The second division respects an apparent minute adherence to matter- of-fact in character and Incidents; a biographical attention to probability, and an anxiety of explanation and retrospect. Under this head I shall deliver, with no feigned diffidence, the results of my best reflection on the great point of controversy between Mr. Wordsworth and his objectors; namely, on the choice of his characters. I have already declared, and, I trust justified, my utter dissent from the mode of argument which his critics have hitherto employed. To their question, "Why did you choose such a character, or a character from such a rank of life?"—the poet might in my opinion fairly retort: why with the conception of my character did you make wilful choice of mean or ludicrous associations not furnished by me, but supplied from your own sickly and fastidious feelings? How was it, indeed, probable, that such arguments could have any weight with an author, whose plan, whose guiding principle, and main object it was to attack and subdue that state of association, which leads us to place the chief value on those things on which man differs from man, and to forget or disregard the high dignities, which belong to Human Nature, the sense and the feeling, which may be, and ought to be, found in all ranks? The feelings with which, as Christians, we contemplate a mixed congregation rising or kneeling before their common Maker, Mr. Wordsworth would have us entertain at all times, as men, and as readers; and by the excitement of this lofty, yet prideless impartiality in poetry, he might hope to have encouraged its continuance in real life. The praise of good men be his! In real life, and, I trust, even in my imagination, I honour a virtuous and wise man, without reference to the presence or absence of artificial advantages. Whether in the person of an armed baron, a laurelled bard, or of an old Pedlar, or still older Leech-gatherer, the same qualities of head and heart must claim the same reverence. And even in poetry I am not conscious, that I have ever suffered my feelings to be disturbed or offended by any thoughts or images, which the poet himself has not presented.

But yet I object, nevertheless, and for the following reasons. First, because the object in view, as an immediate object, belongs to the moral philosopher, and would be pursued, not only more appropriately, but in my opinion with far greater probability of success, in sermons or moral essays, than in an elevated poem. It seems, indeed, to destroy the main fundamental distinction, not only between a poem and prose, but even between philosophy and works of fiction, inasmuch as it proposes truth for its immediate object, instead of pleasure. Now till the blessed time shall come, when truth itself shall be pleasure, and both shall be so united, as to be distinguishable in words only, not in feeling, it will remain the poet's office to proceed upon that state of association, which actually exists as general; instead of attempting first to make it what it ought to be, and then to let the pleasure follow. But here is unfortunately a small hysteron-proteron. For the communication of pleasure is the introductory means by which alone the poet must expect to moralize his readers. Secondly: though I were to admit, for a moment, this argument to be groundless: yet how is the moral effect to be produced, by merely attaching the name of some low profession to powers which are least likely, and to qualities which are assuredly not more likely, to be found in it? The Poet, speaking in his own person, may at once delight and improve us by sentiments, which teach us the independence of goodness, of wisdom, and even of genius, on the favours of fortune. And having made a due reverence before the throne of Antonine, he may bow with equal awe before Epictetus among his fellow-slaves

———"and rejoice In the plain presence of his dignity."
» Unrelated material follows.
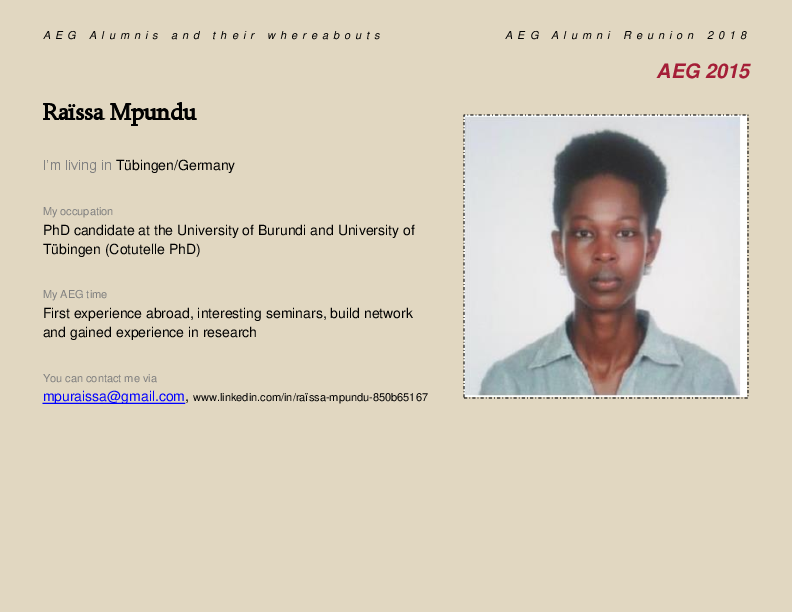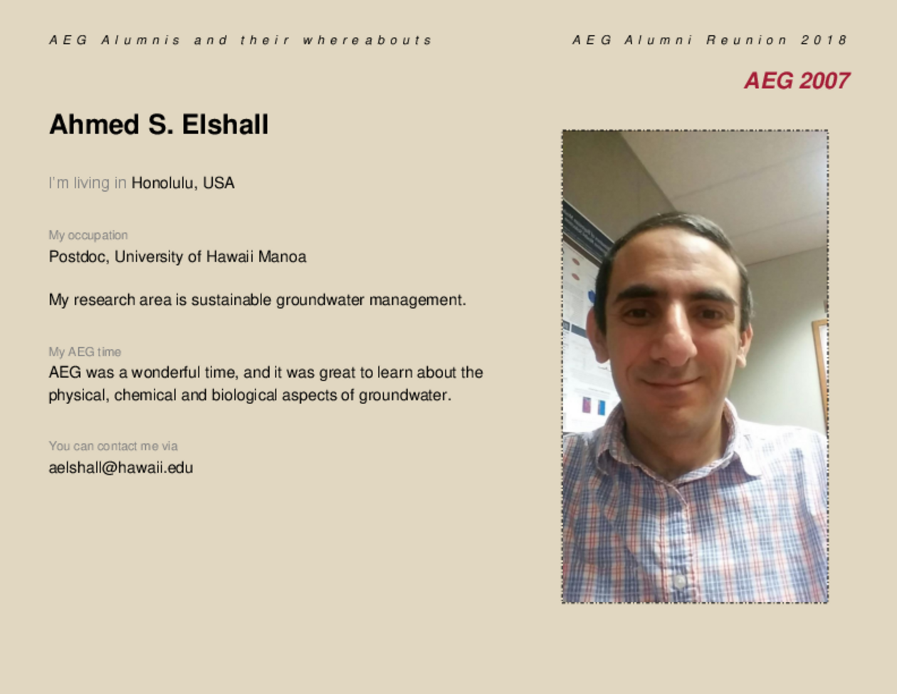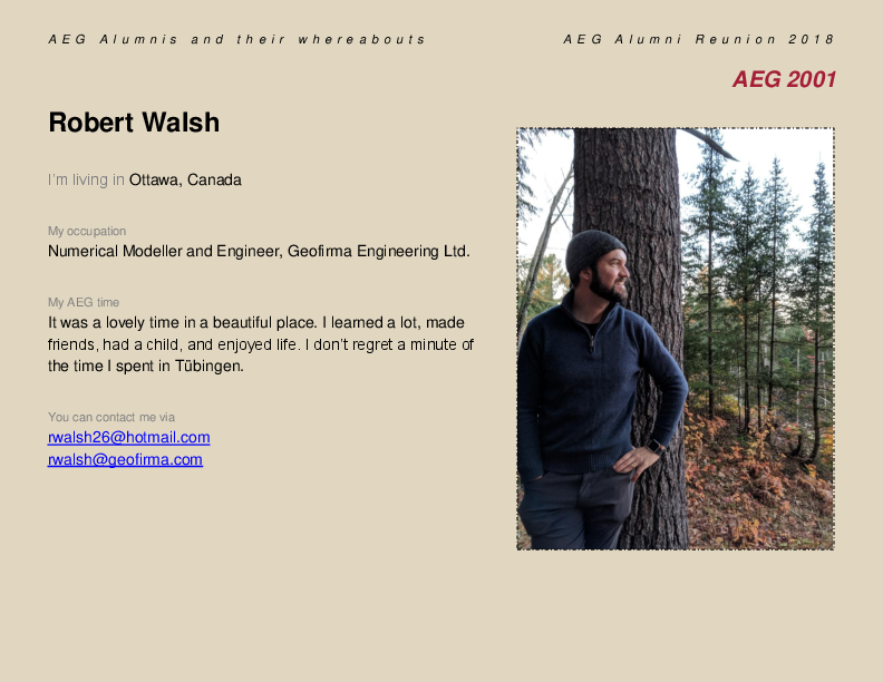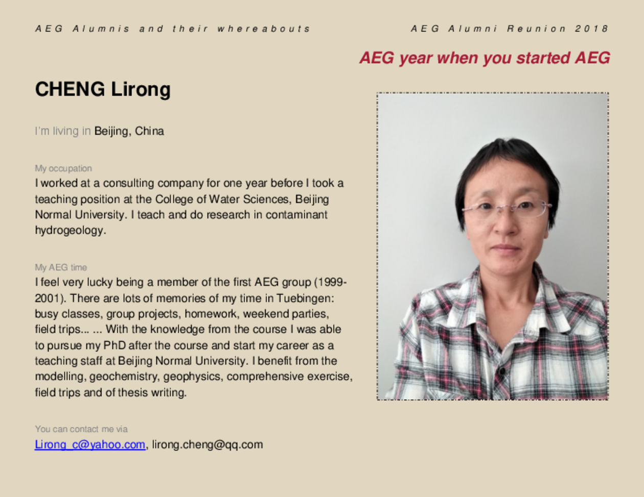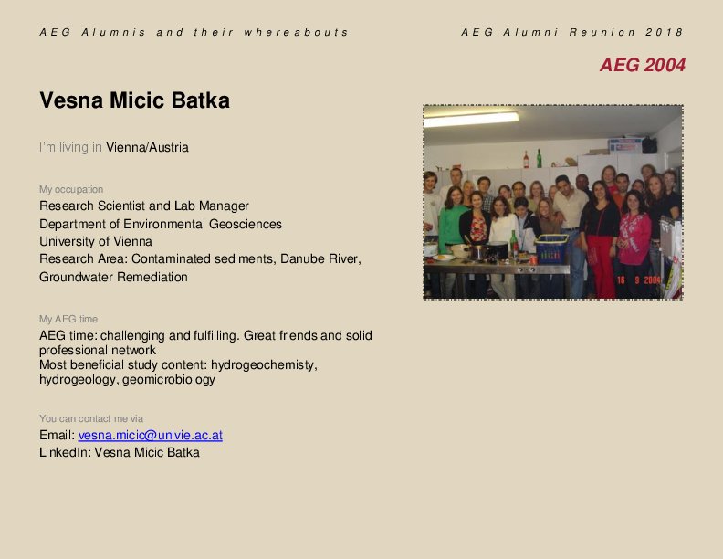 Applied & Environmental Geoscience (AEG) is an international research-oriented study program focusing on the evaluation and solution of environmental problems.

Who is not at once delighted and improved, when the Poet Wordsworth himself exclaims,

"Oh! many are the Poets that are sown By Nature; men endowed with highest gifts The vision and the faculty divine, Yet wanting the accomplishment of verse, Nor having e'er, as life advanced, been led By circumstance to take unto the height The measure of themselves, these favoured Beings, All but a scattered few, live out their time, Husbanding that which they possess within, And go to the grave, unthought of. Strongest minds Are often those of whom the noisy world Hears least."

To use a colloquial phrase, such sentiments, in such language, do one's heart good; though I for my part, have not the fullest faith in the truth of the observation. On the contrary I believe the instances to be exceedingly rare; and should feel almost as strong an objection to introduce such a character in a poetic fiction, as a pair of black swans on a lake, in a fancy landscape. When I think how many, and how much better books than Homer, or even than Herodotus, Pindar or Aeschylus, could have read, are in the power of almost every man, in a country where almost every man is instructed to read and write; and how restless, how difficultly hidden, the powers of genius are; and yet find even in situations the most favourable, according to Mr. Wordsworth, for the formation of a pure and poetic language; in situations which ensure familiarity with the grandest objects of the imagination; but one Burns, among the shepherds of Scotland, and not a single poet of humble life among those of English lakes and mountains; I conclude, that Poetic Genius is not only a very delicate but a very rare plant.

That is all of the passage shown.